Amazon.com Inc. may be about to dramatically reshape the $500 billion freight-forwarding market. But not all businesses it’s competing with will be hit equally hard.

According to the chief executive officer of DSV A/S, the Danish freight forwarder’s use of technology including advanced digital tracking solutions will help it maintain an edge. Meanwhile, competitors that fall behind on technology will suffer, potentially leaving fewer players in the market.

Jens Bjorn Anderson – CEO, DSV
Jens Bjorn Anderson – CEO, DSV

“The competitive landscape is changing, but we’re hoping that it will play in our favor,” DSV CEO Jens Bjorn Andersen said in an interview.

His freight-forwarding business is the world’s fifth-biggest, controlling about 2 percent of the global market. “Our customers make increasingly larger demands of us when it comes to transparency, track-and-trace and digital solutions,” Andersen said. “Some of our competitors can’t deliver those services to the same extent that we can. This will be a competitive advantage.”

DSV, which is based west of Denmark’s capital Copenhagen, made more than 65 million electronic customer transactions last quarter. More than 80 percent of its bookings occur electronically, compared to 10 percent just a few years ago, Andersen says.

Seattle-based retail giant Amazon is testing its own delivery network, and may take away business from long-time partners United Parcel Service Inc. and FedEx Corp. “We’re monitoring this development very closely,” the DSV CEO said. “It’s obvious that Amazon will be able to take a slice.”

Amazon may hurt DSV’s growth within retail deliveries, which will be a blow that the Danish company “will take on the chin,” the CEO said. He says it’s unlikely that the U.S. retail behemoth will target a bigger chunk of the freight-forwarding market.

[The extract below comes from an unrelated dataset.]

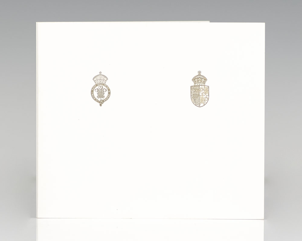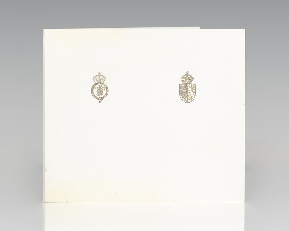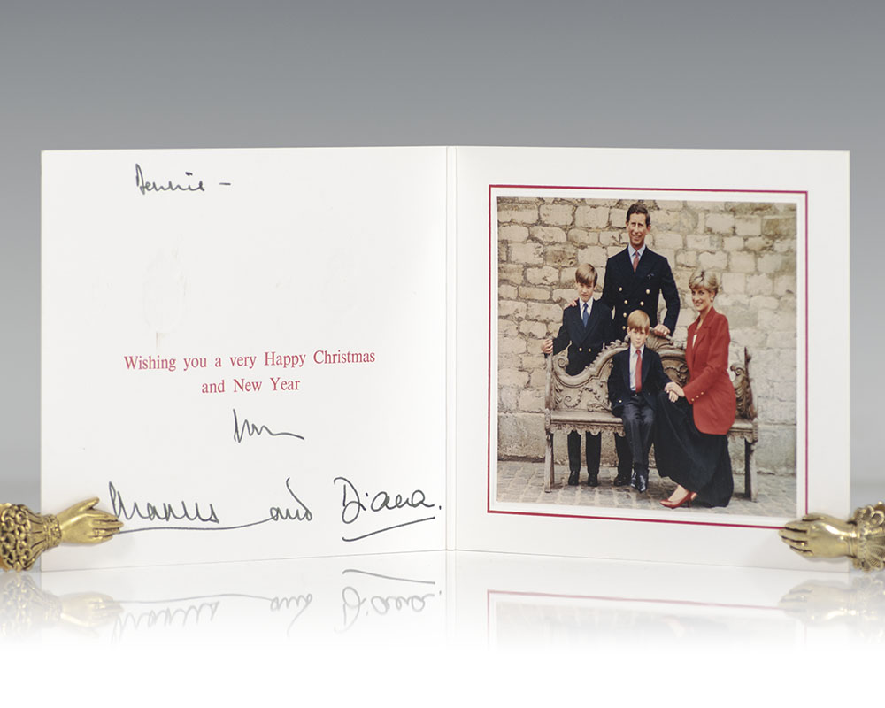 Royal Christmas card bearing two royal seals to the front panel and an original color photograph of Diana, Princess of Wales, Prince Charles and the young Princes William and Harry. Warmly inscribed by Princess Diana, "To you both, from the four of us Diana" and signed by Prince Charles "and Charles." In fine condition.

But the threat’s not just coming from Amazon. Copenhagen-based A.P. Moller-Maersk A/S, the world’s largest shipping line, is working on a new strategy that will make it an end-to-end deliverer of containerized goods, boosting its freight-forwarding unit in the process.

Andersen says freight forwarders smaller than his company are in a tougher situation as they figure out how to compete with giants like Amazon and Maersk. But he says DSV is big enough to cope with the disruption.

“I don’t want to sound arrogant, but it’s a fact that we’re one of the biggest players in the market and we need to use that potential,” Andersen said.

DSV was founded in the late 1970s. It has a market value today of $15 billion and 47,000 employees.

“I’ll happily admit that I can become very uneasy about Amazon, about the container lines, about start-ups or about the two teenagers in a basement in California who may have invented something we missed,” Andersen said. “But then another quarter has passed and we have delivered with growth on all our key parameters.”